When you flash-load the code and if all goes well, you will see values from the 'brightness' topic arrive at your broker on a periodic basis. It won't signify anything, because we haven't yet connected an analog sensor.

Build Photosensor Circuit

To create the input circuit, you'll need an off-the-shelf photoresistor and a pullup resistor as shown in the diagram.

Unplug the board, then wire up the photoresistor and series resistor as shown. You'll find the 3.3V and GND connections on CON710 and the A0 analog input connection on CON711; the board header map is here if you need it.

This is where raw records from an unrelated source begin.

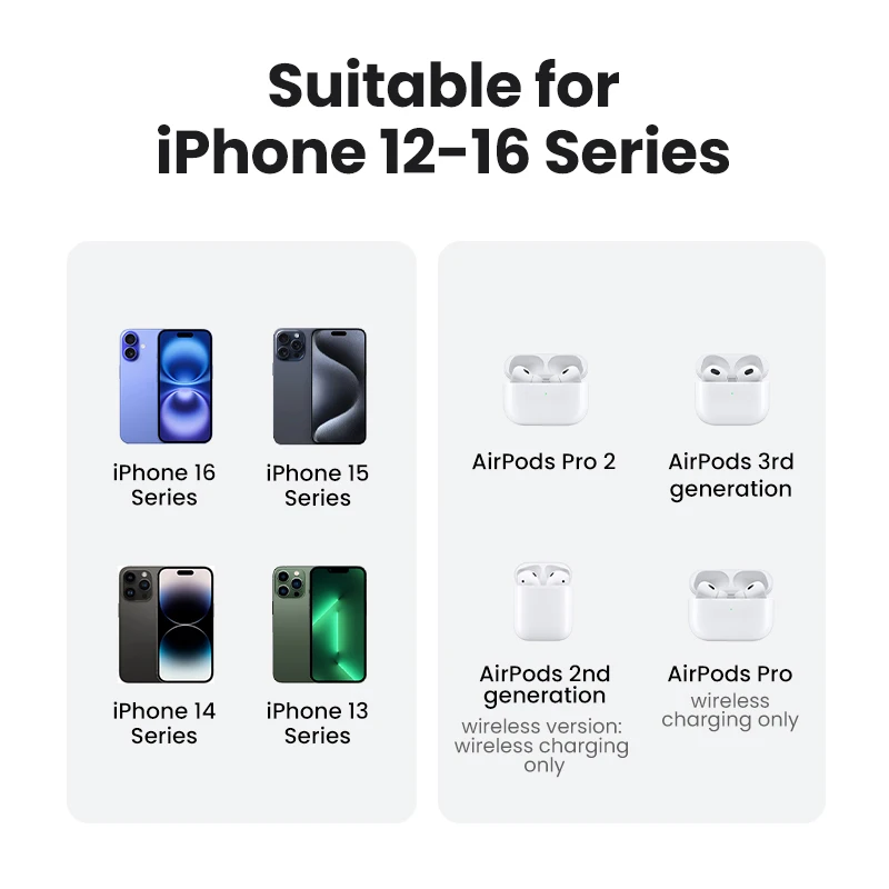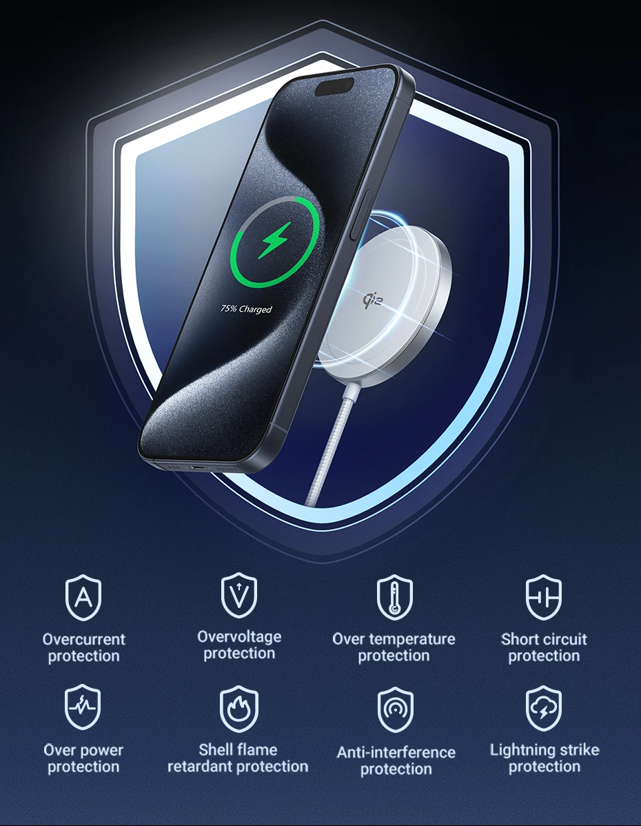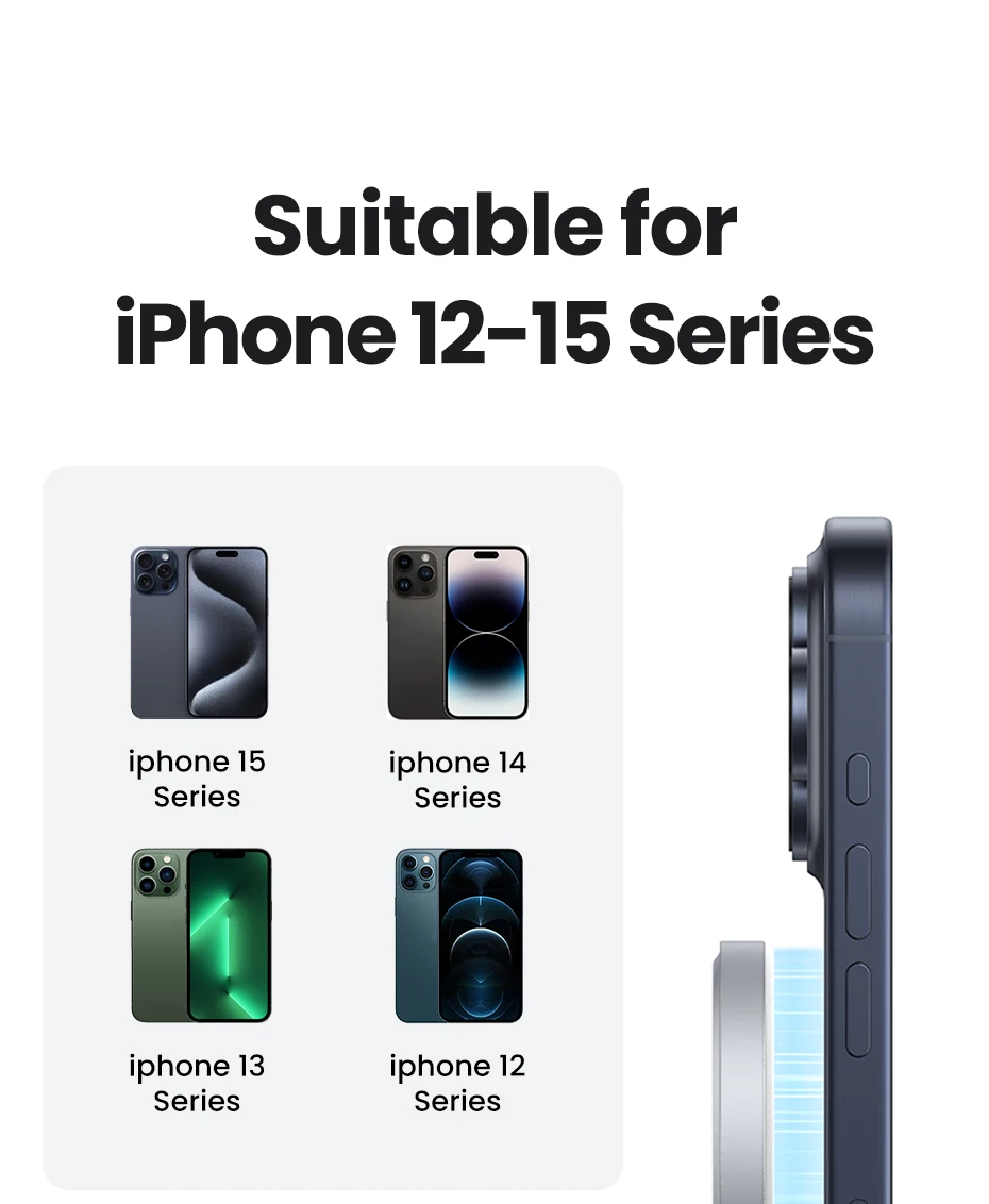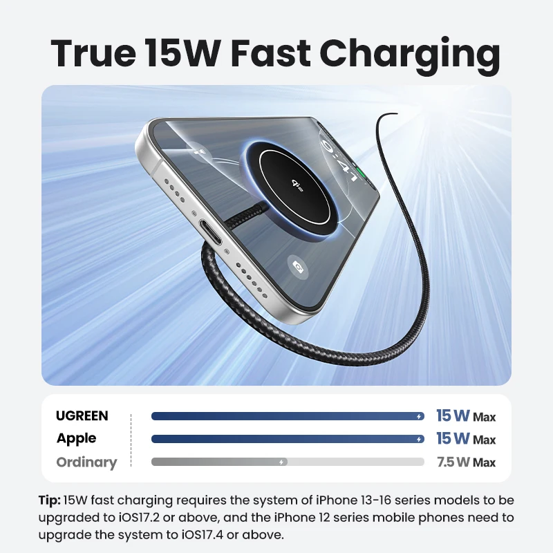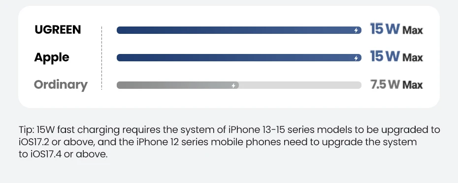 Tip: 15W fast charging requires the system of iPhone 13-15 series models to be upgraded to iOS17.2 or above, and the iPhone 12 series mobile phones need to upgrade the system to iOS17.4 or above.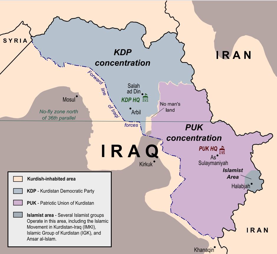 Север Иракского Курдистана и его столица – Эрбиль контролируется Барзани , юг - Талабани. Карта старая. Источник https://en.wikipedia.org/wiki/Iraqi_Kurdish_Civil_War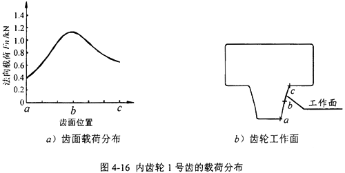 經(jīng)過間隙單元法迭代計算,得到嚙合過程中,由于輪齒的變形而形成了多齒接觸。圖4-14所示為由于輪齒的變形,形成了5個齒的接觸,以及載荷在輪齒之間的分配比例。當有5個齒參與嚙合時,最大主應力為73MPa;假定內(nèi)、外齒輪的1號齒在齒面上b點相互接觸,圖4-15所示為輪齒接觸時,外齒輪上載荷最大的輪齒1號面的齒面載荷分布情況:圖4-16所示為輪齒接觸時,內(nèi)齒輪上載荷最大的輪齒1號面的齒面載荷分布情況。
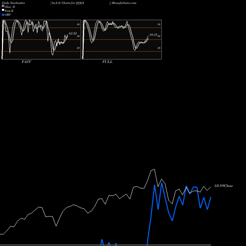 Stochastics Fast,Slow,Full chartss of Daily stochastics, Weekly stochastics, Monthly stochastics of QQQA USA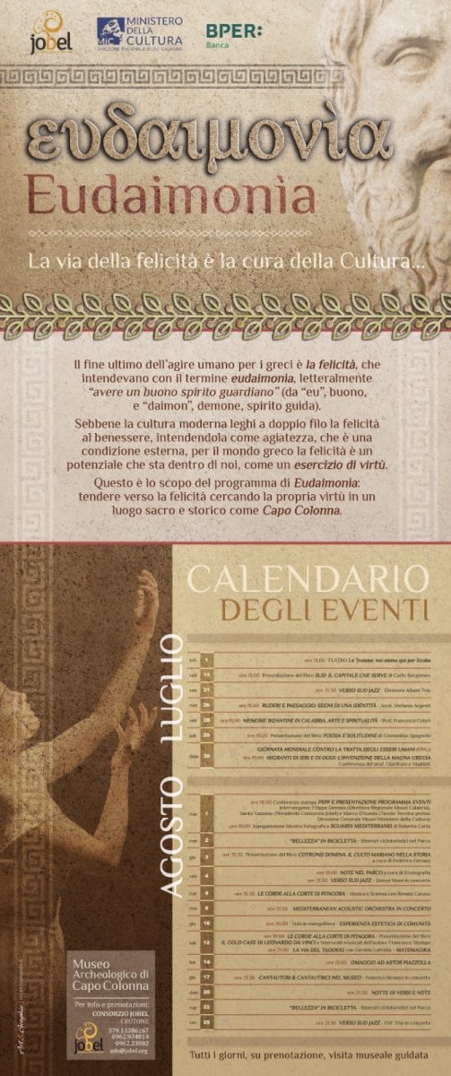 Il prossimo martedì 1 agosto alle ore 18:00, presso il Museo archeologico di Capo Colonna di Crotone, si terrà l’attesa presentazione del Partenariato mi Speciale Pubblico-Privato (PSPP) creato dalla Direzione regionale dei Musei della Calabria e il Consorzio Jobel. Questo partenariato mira a promuovere e valorizzare il Museo e il parco archeologico nazionale di Capo Colonna.

Once you reconnect your board USB cable and wait for it to get an IP address, you'll be able to wave your hand over the photoresistor and see the values change.

Publish to Subscriber

Your board is now sending 'brightness' messages to your Mosquitto broker – but no one is subscribing yet! Let's fix that, using Node-RED or MQTT.fx.

Using Node-RED as subscriber

Use this approach with your ARTIK 5/7/10 board.

  1. If not already running, start Node-RED and run it as a background process.
    node-red &

  2. Follow the MQTT Tutorial to monitor a Topic of brightness.

Using MQTT.fx as subscriber

Use this approach with your development PC. We'll assume you already configured MQTT.fx in the previous article.

  1. Start MQTT.fx and select the Subscribe tab.

  2. Enter a Topic of brightness, and click Subscribe.

Summary

You've built a stand-alone MQTT subscriber and publisher that can publish sensor data to the broker and act on messages received from the broker. You should be well equipped now to apply this simple but efficient technique to your own applications.